**DATASET EXTRACT**
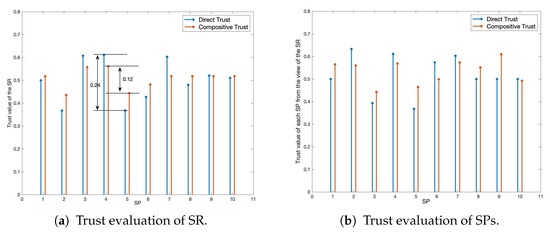 Figure 5a, compared with the direct trust evaluation results of each SP, the compositive trust evaluation results for SR have less difference and more comprehensive opinions, which reflects that the evaluation method based on subjective logic can better integrate the recommendations from different sources so that most SPs can have a more consistent evaluation for SR. Similarly, as shown in
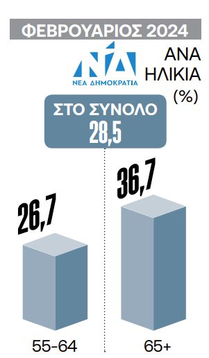 Είναι το γεγονός ότι οι μεγαλύτερες ηλικιακές ομάδες, και ειδικότερα η συντριπτική πλειονότητα των συνταξιούχων, είναι εκείνες που πλήττονται κατά μείζονα λόγο από την ακρίβεια, δίχως να έχουν κάποια βάσιμη προσδοκία ουσιαστικής διεξόδου. Το γεγονός δε ότι στη συγκεκριμένη συγκυρία ανακοινώθηκε πως λόγω δημοσιονομικής στενότητας δεν θα υπάρξει επίδομα Πάσχα, προστίθεται στις επιβαρυντικές παραμέτρους των αρνητικών διαθέσεων της συγκεκριμένης ομάδας πολιτών έναντι της κυβέρνησης. Υπενθυμίζεται ότι στην ηλικιακή ομάδα άνω των 65 ετών η ΝΔ συγκέντρωσε ποσοστό 52,5% στις εκλογές του Ιουνίου 2023, έναντι 17,9% του ΣΥΡΙΖΑ και 14,6% του ΠαΣοΚ.
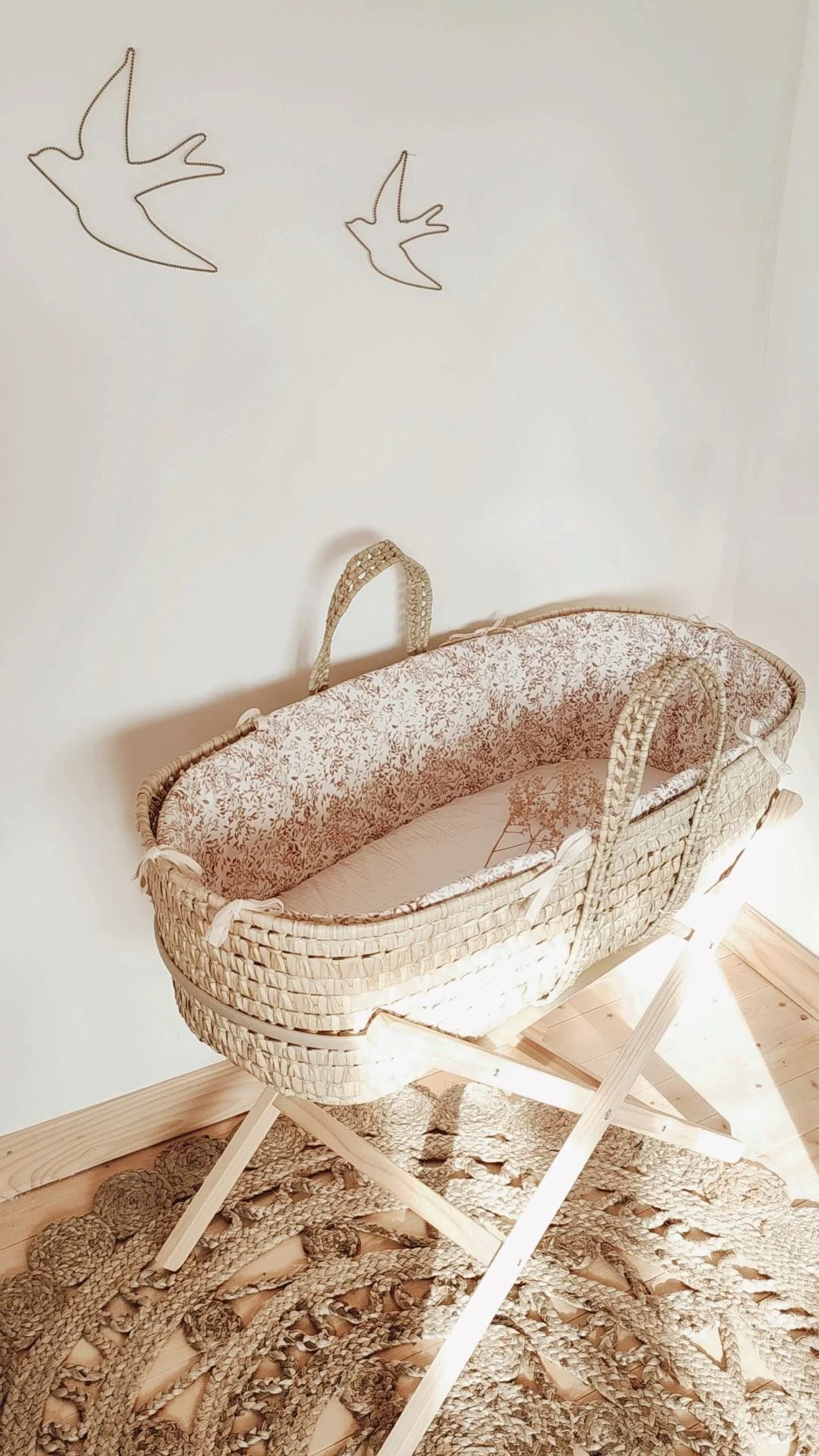 Avec ce joli couffin tressé et son habillage complet aux teintes douces, préparez en douceur le cocon de bébé afin de fêter au mieux son arrivée !

**WORK TO BE COMPLETED**
Write out the whole listing exactly. Do not include the pictures.

**RESULT OF THIS EXERCISE**
 Figure 5a, compared with the direct trust evaluation results of each SP, the compositive trust evaluation results for SR have less difference and more comprehensive opinions, which reflects that the evaluation method based on subjective logic can better integrate the recommendations from different sources so that most SPs can have a more consistent evaluation for SR. Similarly, as shown in
 Είναι το γεγονός ότι οι μεγαλύτερες ηλικιακές ομάδες, και ειδικότερα η συντριπτική πλειονότητα των συνταξιούχων, είναι εκείνες που πλήττονται κατά μείζονα λόγο από την ακρίβεια, δίχως να έχουν κάποια βάσιμη προσδοκία ουσιαστικής διεξόδου. Το γεγονός δε ότι στη συγκεκριμένη συγκυρία ανακοινώθηκε πως λόγω δημοσιονομικής στενότητας δεν θα υπάρξει επίδομα Πάσχα, προστίθεται στις επιβαρυντικές παραμέτρους των αρνητικών διαθέσεων της συγκεκριμένης ομάδας πολιτών έναντι της κυβέρνησης. Υπενθυμίζεται ότι στην ηλικιακή ομάδα άνω των 65 ετών η ΝΔ συγκέντρωσε ποσοστό 52,5% στις εκλογές του Ιουνίου 2023, έναντι 17,9% του ΣΥΡΙΖΑ και 14,6% του ΠαΣοΚ.
 Avec ce joli couffin tressé et son habillage complet aux teintes douces, préparez en douceur le cocon de bébé afin de fêter au mieux son arrivée !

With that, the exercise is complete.